I remember. I remember being tired and feeling poured out. I remember the effort it took to stop for a few items in the grocery store, or to manage my time well enough to get around to a full cleaning job on the bathroom.
It hasn’t been all that long since I had a newborn, a 2 year-old, a 4 year-old, a 6 year-old, and an 7 year-old (and a 12 year-old, 14 year-old, and 17 year-old), but already, I have taken enough of a step back from that season to have romanticized the hardest parts. I can remember buckling my seatbelt over the moby wrap I never bothered to take off, and banning my preschoolers from the upstairs when the toddler was taking his nap, but it feels farther away than I ever thought it would when those were the day to day realities of a long, fruitful season of life.
I stood among dear friends this weekend, women in the trenches of parenting large families still growing, and I remembered the bits I’ve forgotten along the way. I remembered every conversation interrupted by a hand on my shoulder, and reminding the energetic 3 year-old not to chase his friends through a forest of adult legs. I remembered the sound of an indignant toddler screaming out his displeasure, and what it was to miss the bulk of a sermon because a diaper needed to be changed and whoa, what a diaper it was.

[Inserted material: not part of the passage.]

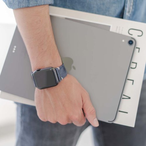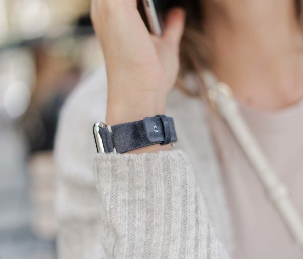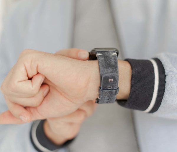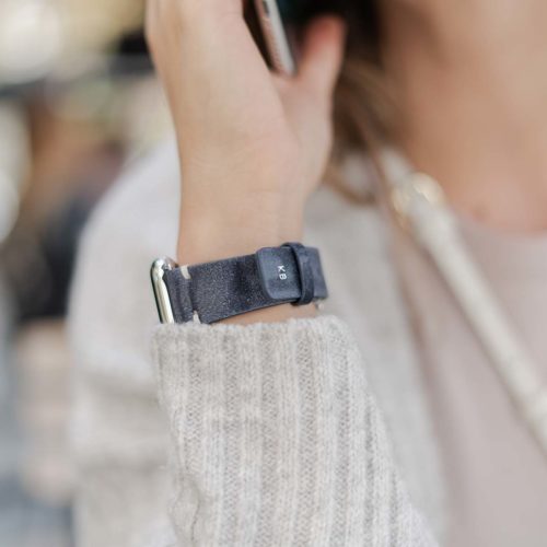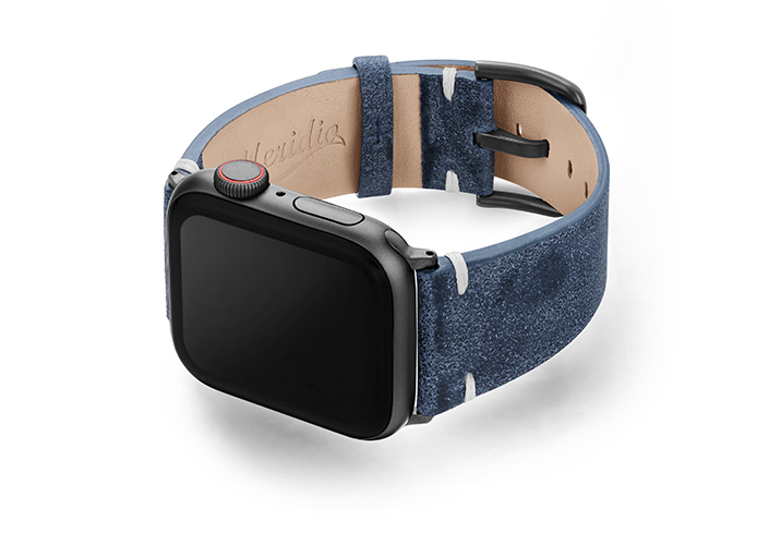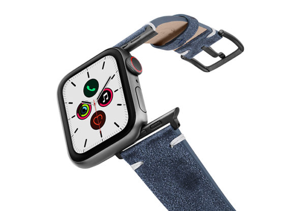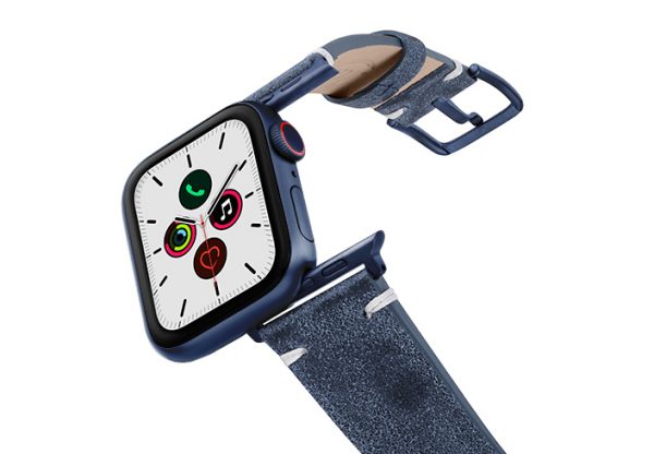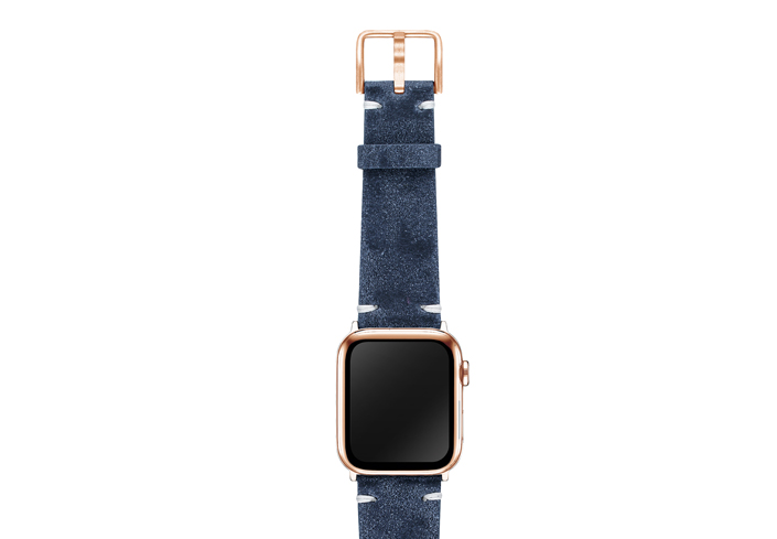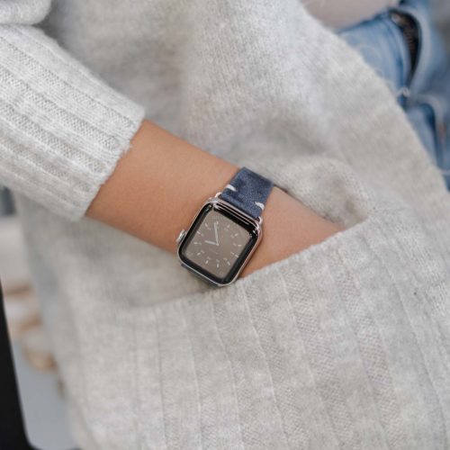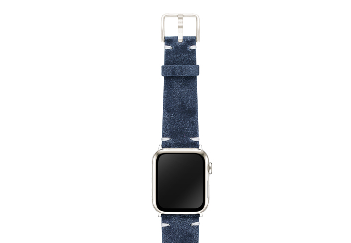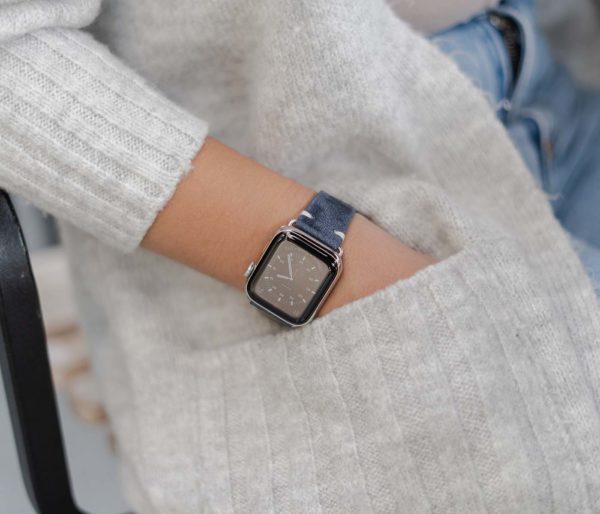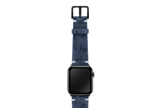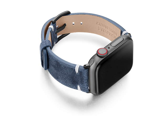 Cinturino in pelle di vitello per Apple watch serie 8,ULTRA & SE e precedenti versioni con finiture in cotone la cui colorazione è ispirata al colore della Luna. Disponibile per casse 38/40/41 | 42/44/45/49 mm

A few years ago, I was the mother people shook their heads over, wondering when I’d finally figure out what caused that. That season has come to a close, and nowadays, I’m more likely to leave the house with five or three or even one child… a small enough number that I rarely come into contact with that special breed of social police who feels it’s within his or her rights to question motives or sanity in regards to family size. I have no one who needs to be fed mid-outing, haven’t needed a stroller in a park for years.
And while I can honestly say that I don’t miss it— I feel a deep and abiding peace from the Lord in the completion of our family— I can say this:
I regret nothing.
Talking to my dear friends, listening to them finding the most simple joys in the midst of a season where they are being stretched thin, I was able to share my heart, and affirm the thing I suspected so many years ago, when the question “Are you done yet?” was a common echo from both complete strangers and those closest to us. I don’t regret it.
The thing is, no one does. At least, not anyone I’ve ever met. I literally have never met anyone who has ever told me, “I wish I had only had two children. The last five weren’t worth it.” I’ve never met anyone who has said they wished they had gotten to the empty nest season sooner, or had had less years with their children. It’s always the opposite. Always.
I don’t regret all the chore training, sitting on the floor in front of the little plastic potty and reading Peter Rabbit for the tenth time that day, or singing “Father Abraham Had Many Sons,” on a loop for months at a time. I don’t regret the terribly early mornings, the sciatic nerve pain of pregnancy, or letting a wailing teether chew on my knuckle for relief. I don’t regret the laundry that multiplied exponentially over the course of the day, or the pile of board books that lived in my van.
Even though my youngest is still a preschooler, I get to be the voice reminding younger moms of this truth: there is much blessing in this season. It will come to an end. There is a new fruitfulness waiting beyond this, but don’t wish for it yet. Enjoy what God is giving you here and now, and listen to Him. The other voices.. they don’t matter. Because they don’t know. They can’t see God’s plan for your future, or the future of a single one of your children. They can’t refresh you, and they were never meant to be the beacon guiding you through your days.
I regret nothing from those busy, hard years of parenting a slew of small people who relied on me for everything. And if you’re walking in obedience to the Lord, you won’t, either. It may be the hardest thing you’ve ever done. You may have days where you acknowledge that this is beyond your abilities. You may become an expert at crowd control. But you’ll never regret the work you’re doing right now, growing your family.